The court then sentenced Ms. Phifer to five years of community control, which included a

60-day jail term as one of the conditions.

3 {¶17} Ms. Phifer filed the instant appeal and a motion for a stay of her sentence

in this court, which we granted with respect to the jail sentence.

{¶18} Ms. Phifer now raises three assignments of error for our review:

{¶19} “[1.] The trial court committed prejudicial error and violated Appellant’s

rights to Due Process of Law under the Fifth and Fourteenth Amendments to the U.S.

Constitution and right to Due Course of Law under Article I, [Sec.] 16 of the Ohio

Constitution when it sentenced her contrary to O.R.C. 2929.11(B) which requires that the

sentence imposed for a felony ‘be consistent with sentences imposed for similar crimes

committed by similar offenders.’

{¶20} “[2.] The Trial Court did not consider and apply all relevant seriousness and

mitigation factors as required by O.R.C. 2929.12.

{¶21} “[3.] The Trial Court did not fairly consider the principles and purposes of

sentencing pursuant to O.R.C. 2929.11 before it ordered Appellant to serve a sentence

of incarceration.”

Felony Sentencing

{¶22} The standard of review for felony sentences is governed by R.C.

2953.08(G)(2).
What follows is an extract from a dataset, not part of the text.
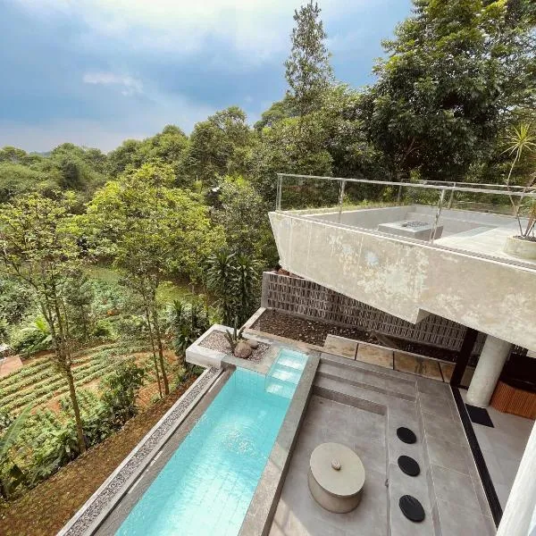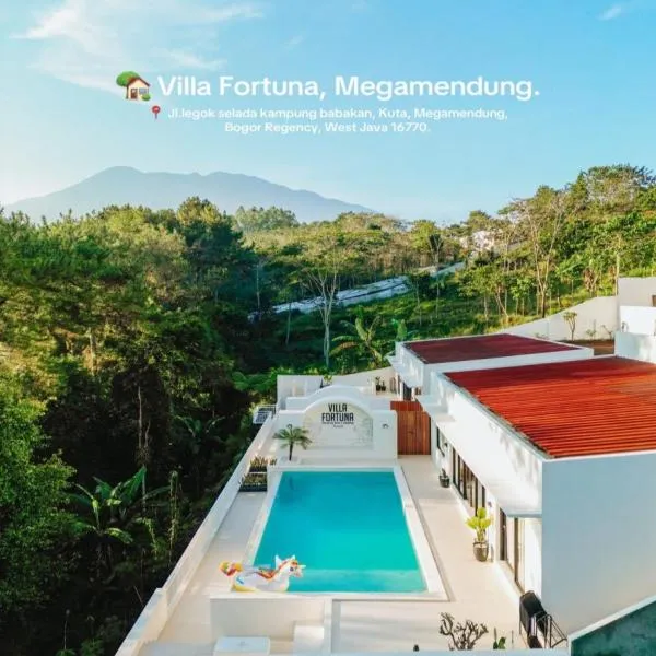 Villa Fortuna - CANGGU #Puncak Bogor坐落于Cilama,享有池景,配有客房、私人泳池和阳台。这家住宿距离都市丛林主题公园有21公里,提供户外游泳池和免费私人停车位。 这家别墅提供2间卧室、2间浴室、床上用品、毛巾、带卫星频道的平板电视、设施齐全的厨房以及山景露台。这家空调别墅还配备休息区以及2间带坐浴盆和淋浴设施的浴室。

State v. Marcum, 146 Ohio St.3d 516, 2016-Ohio-1002, ¶16. That

provision states as follows:

{¶23} “The court hearing an appeal under division (A), (B), or (C) of this section

shall review the record, including the findings underlying the sentence or modification

given by the sentencing court.

{¶24} “The appellate court may increase, reduce, or otherwise modify a sentence

that is appealed under this section or may vacate the sentence and remand the matter to

4 the sentencing court for resentencing. The appellate court's standard for review is not

whether the sentencing court abused its discretion. The appellate court may take any

action authorized by this division if it clearly and convincingly finds either of the following:

{¶25} “(a) That the record does not support the sentencing court's findings under

division (B) or (D) of section 2929.13, division (B)(2)(e) or (C)(4) of section 2929.14, or

division (I) of section 2929.20 of the Revised Code, whichever, if any, is relevant;

{¶26} “(b) That the sentence is otherwise contrary to law.”

{¶27} Clear and convincing evidence is that measure or degree of proof which will

produce in the mind of the trier of facts a firm belief or conviction as to the allegations

sought to be established. Cross v. Ledford, 161 Ohio St. 469 (1954), paragraph three of

the syllabus. It is that measure or degree of proof which is more than a mere

“preponderance of the evidence,” but not to the extent of such certainty as is required

“beyond a reasonable doubt” in criminal cases.